Proof. The Lemma gives \sigma_u^2 = u^\top \Sigma_k u non-increasing in k. The EVPI is monotone increasing in \sigma_u^2: the optimizer’s-curse gap \mathbb{E}[\max_b V] - \max_b \mathbb{E}[V] is driven by the spread of the optimal-allocation posterior, which is controlled by the contrast variance along the ridge; as \sigma_u^2 \to 0 the curve is pinned along u, the optimal-allocation posterior collapses to a point, and the gap closes to zero. Composing, \mathrm{EVPI}_k is non-increasing. For the rate, take equal per-study ridge precision \bar\kappa = w s^{-2} (u^\top c)^2; the accumulated ridge precision is then \Lambda_{0,u} + k\bar\kappa, so
\sigma_u^2 = \frac{1}{\Lambda_{0,u} + k\bar\kappa} = O(1/k) \quad\Longrightarrow\quad \mathrm{EVPI}_k = O(1/k) \to 0. \qquad\blacksquare
This is the loop closing. Chapter 21 showed one experiment shrinks the EVPI; here the accumulating store drives it to zero. The wound named in Chapter 18 — the optimizer commits to a confidently-wrong allocation because the curve is unidentified along the ridge — and shown structural in Chapter 19 is not merely reduced but eliminated in the limit, provided the store keeps acquiring evidence in the flat direction. The convergence is deterministic in the Gaussian-conjugate setting because precision adds; in a general nonlinear posterior the same statement holds in expectation, since a surprising study can transiently widen the posterior in some direction even as information accrues on average.
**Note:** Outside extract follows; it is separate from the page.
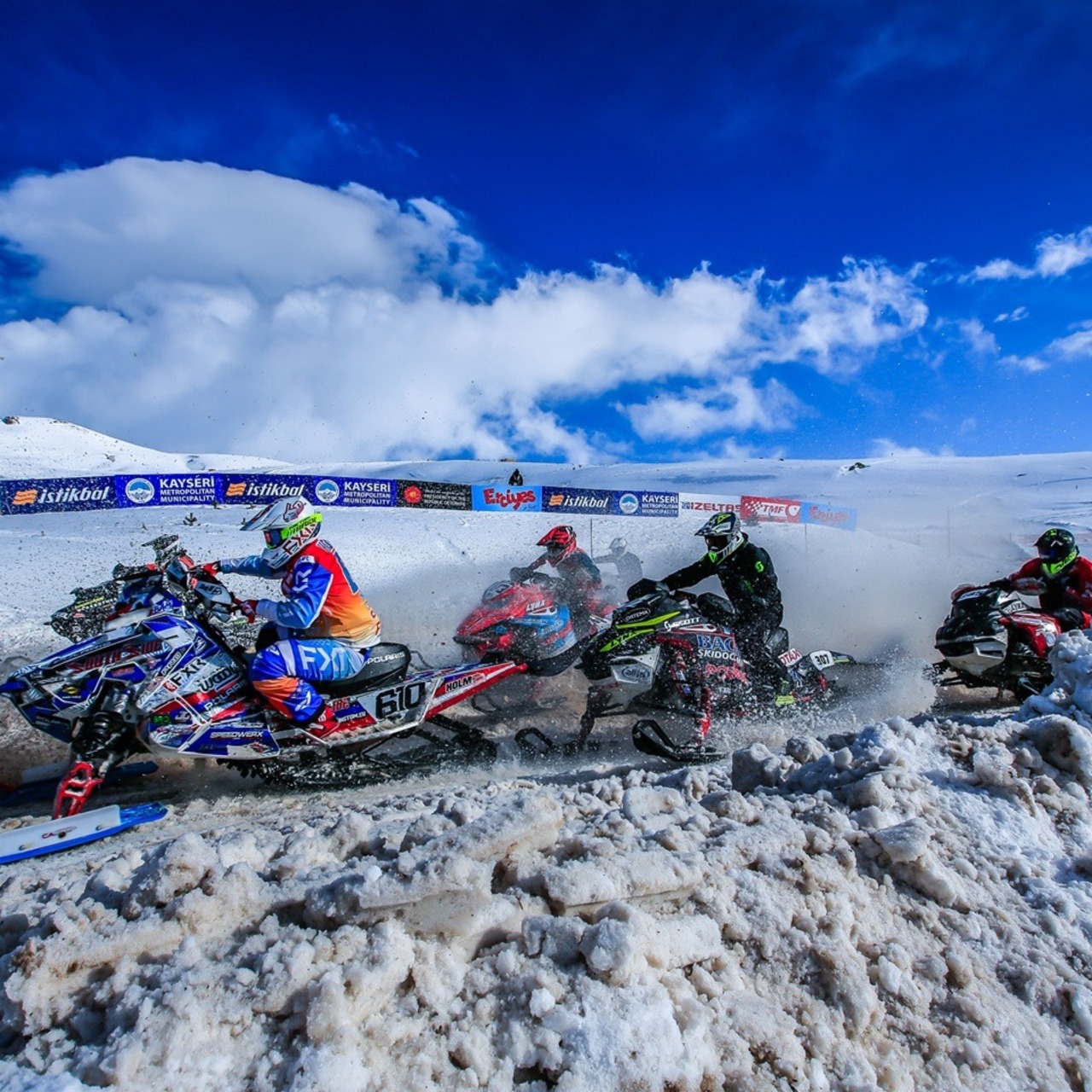 Türkiye’ye gelen dünyaca ünlü snowcross yarışçıları, Erciyes’te düzenlenen organizasyonla start aldı. Erciyes, Uluslararası Motosiklet Federasyonu (FIM) tarafından en prestijli ekstrem spor organizasyonları arasında gösterilen Dünya Kar Motosikleti Şampiyonası’na (SNX Türkiye) ev sahipliği yapıyor. Yarış, 770 metrelik pistte sıralama turlarıyla başladı.

Rung 5 — The store as a data product (brief) and the handoff to Part VII. The mathematics dictates the schema. Each record in the store carries the estimand class from the Chapter 20/21 taxonomy (secant, tangent, or validation), the target spend interval or operating point — equivalently the constraint direction c — the measurement variance s^2, the power weight w (credibility times decay), and a timestamp. The store is append-only and versioned: a study is never edited, only superseded, so the live posterior is reproducible from the ledger at any past version by replaying Rung 1’s recursion to that point. Records that measure the same functional and conflict are pooled, not multiplied, by Rung 3. The mechanism ends here; the system begins in Part VII. Storage, schema migration, governance over who may add or down-weight a study, and the pipeline that re-runs the Chapter 18 optimizer whenever a record lands are the engineering subject of Chapters 23–26. With this chapter Part VI is complete: the book has travelled from “the optimizer needs a response curve the observational data cannot identify” to “a versioned ledger of experiments drives the decision-relevant uncertainty monotonically to zero.” The loop — intervene (Chapters 19–20) → identify the functional (Chapter 20) → calibrate (Chapter 21) → re-optimize (Chapter 18), iterated as the store fills — is closed and provably convergent.